If you use discrete drives look to set RA_PAGES around 64 with a large threshold of
between 16 and 32. If you are using a large RAID10 configurations, with a stripe of many
pairs of mirrored 10000RPM drives, using a caching controller capable of its own read
ahead, you can run a very busy system with RA_PAGES=16 and RA_THRESHOLD=4. Onstat -p
reports on read ahead usage stats. The sum of idx-RA, idxda-RA, and da-RA should be very
close to the value of RA-pgsused. Increase these parameters until the ratio drops or the
read-cache% begins to drop. Excessive read-ahead can cause needed data buffers to be
flushed, causing the drop in read-cache%. This can happen even while the RA ratio is
improving, so be careful to balance these. If this happens, either back off on the RA
parameters until the read-cache% is again acceptable, or increase the number of buffers
until the read-cache% improves.
Memory parameters and their results are monitored using onstat -g seg and onstat -g
mgm. They affect allocation of shared memory from the OS, and partitioning that memory
among queries.
- SHMVIRTSIZE. This should encompass, at least, normal load memory requirements and is
best configured to include normal peak load needs. This is especially important on HP PA
RISC and IBM AIX hosts, as already discussed.
- SHMADD. This should be at least 10 percent of SHMVIRTSIZE. Here is another trade off:
smaller additional segments are faster to allocate and attach to, but fewer segments may
be more efficient to use (and on AIX and HPUX are almost a requirement). Processing will
halt while all of the oninit processes attach to the new segment, and smaller segments
will minimize the effect. Some operating systems do this faster than others, but if you
have many VPs it may still take more time than response-time requirements will allow for.
- SHMTOTAL. Unless you have a very small memory system, just set this to zero (0) and let
memory grow.
I am going to defer to the excellent discussion of the optimization parameters and
optimizer hints in the 7.3 Performance Guide, which is available on line at http://www.informix.com/answers. Suffice it to
say that 7.3x adds much power and control over the functioning of the optimizer.
We are all aware that updates must wait while a checkpoint completes, and that SELECTs
are not affected. This is not quite true! Read on.
If you have more than 500 dirty buffers at checkpoint time, the checkpoint thread will
not relinquish control of CPU VP#1 until all buffers have been handed off to CLEANER
threads-as long as there are page cleaner threads available that are not busy.
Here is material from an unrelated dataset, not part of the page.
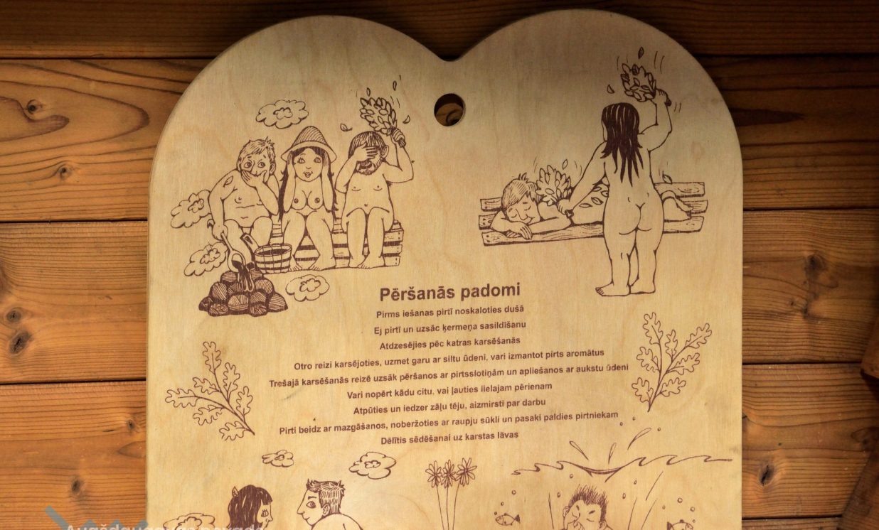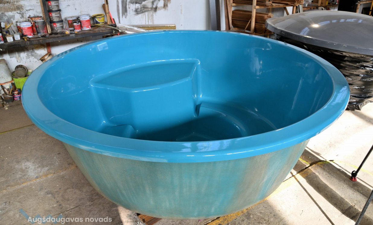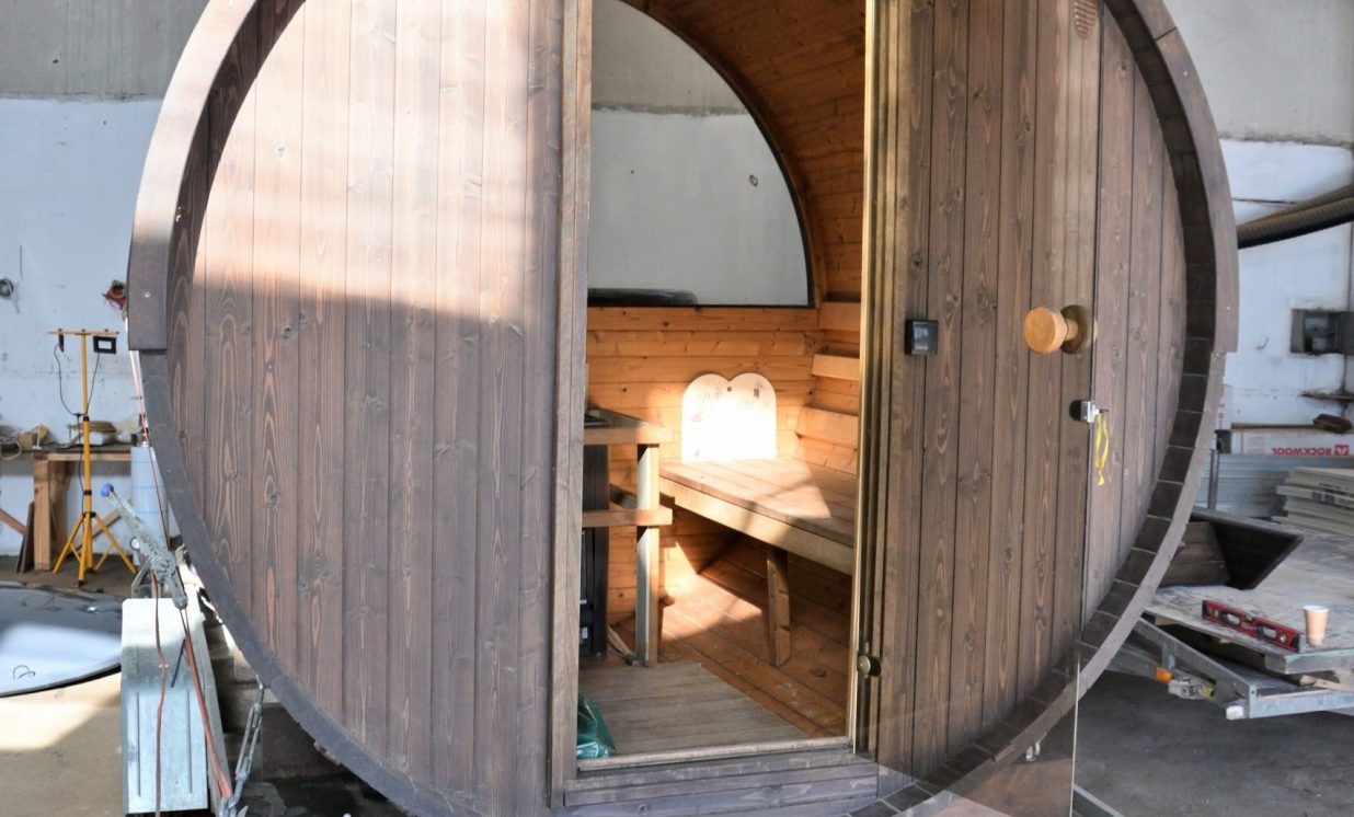 Mairis Kuriga, atrādot pirti: “Mēs viņu saucam par “kuģi divi vienā”. Tā ir pirts ar kubulu. Pirts telpa tiek kurināta ar malkas krāsni iekšā un boileri. Aiz panorāmas stikla jau atrodas kubuls. Iekāpjot kubulā, būs pieejamas masāžas sistēmas. Cits stikla šķiedras kubuls ir ar termokoka apdares dēlīšiem. Iekšpusē ir hidromasāža ar regulatoru, septiņas LED apgaismojuma funkcijas. Krāsns izgatavota no nerūsējošā tērauda, papildus paredzēts termovāks. Konkrēti šajā modelī nav uzstādīta, bet pasūtījumam ir pieejama arī 12 sprauslu gaisa masāžas sistēma.”

Since
user threads currently executing in CPU VP#1 are not migrated to other VPs prior to
beginning the checkpoint, or you may only have one CPU VP, this means that even FETCHs and
OPENs will hang for approximately the first half of the checkpoint duration (longer if you
set LRU_MAXDIRTY and LRU_MINDIRTY high). If you have response-time requirements measured
in seconds, this can be deadly.
If no page cleaner thread is ready, then the checkpoint thread will relinquish the VP
and place itself on a wait queue until a cleaner thread frees up. With less than 500 dirty
buffers, a single cleaner is launched to handle all dirty buffers and the checkpoint
thread relinquishes the CPU VP to other threads after that launch. This sounds better, but
the result is the same.
Based on this, I am recommending that sites with large numbers of buffers and short
response time requirements configure with one or only a few page cleaners so that the
checkpoint will have to enter a wait state while the previous page cleaners complete their
last assignments. This should cause the checkpoint thread to release the VP and permit
queries to continue. This issue is being examined by Informix R&D and, by the time
this goes to press, I should have had an opportunity to test the latest theoretical
solution. Search the C.D.I. archives at http://www.iiug.org/
for my results.
These are Holy War issues-here are the options and issues, with a summary chart to
follow.
- Raw-versus-cooked files. True-for many years, Informix has been running cooked files
in O_SYNC mode, so that the safety issue is long moot. However, I have performed the
benchmarks. Raw disk performs 15->25 percent faster than a cooked file in a filesystem
on the same device! If you need performance, you must use raw disks.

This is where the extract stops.